▶ [Exercise description]
From the listing below, copy only the lines running from the line that contains "Sono circa 10" to the line that contains "Consignor: Watership Down Stud", both included.

▶ [Available data]
════════════════
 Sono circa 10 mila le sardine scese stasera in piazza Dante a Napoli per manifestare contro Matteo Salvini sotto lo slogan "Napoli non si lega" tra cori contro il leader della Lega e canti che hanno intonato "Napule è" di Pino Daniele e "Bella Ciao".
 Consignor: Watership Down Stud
════════════════
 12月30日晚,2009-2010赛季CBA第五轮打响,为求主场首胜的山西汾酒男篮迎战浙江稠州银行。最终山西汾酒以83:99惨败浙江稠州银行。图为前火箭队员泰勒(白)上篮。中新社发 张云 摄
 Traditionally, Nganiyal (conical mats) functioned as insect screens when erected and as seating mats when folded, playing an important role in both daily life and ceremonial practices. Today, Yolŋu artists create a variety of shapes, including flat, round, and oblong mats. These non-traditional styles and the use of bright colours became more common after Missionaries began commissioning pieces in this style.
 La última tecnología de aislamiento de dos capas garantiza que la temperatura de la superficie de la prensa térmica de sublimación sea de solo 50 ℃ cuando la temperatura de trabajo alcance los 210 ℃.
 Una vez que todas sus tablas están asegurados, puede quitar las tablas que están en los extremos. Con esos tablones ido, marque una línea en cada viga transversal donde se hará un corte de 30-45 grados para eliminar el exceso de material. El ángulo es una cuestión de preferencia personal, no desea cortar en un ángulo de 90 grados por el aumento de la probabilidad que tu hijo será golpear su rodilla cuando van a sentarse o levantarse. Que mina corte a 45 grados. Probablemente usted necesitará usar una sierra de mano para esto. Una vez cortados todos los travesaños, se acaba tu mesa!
════════════════
▶ [Exercise response]
 Sono circa 10 mila le sardine scese stasera in piazza Dante a Napoli per manifestare contro Matteo Salvini sotto lo slogan "Napoli non si lega" tra cori contro il leader della Lega e canti che hanno intonato "Napule è" di Pino Daniele e "Bella Ciao".
 Consignor: Watership Down Stud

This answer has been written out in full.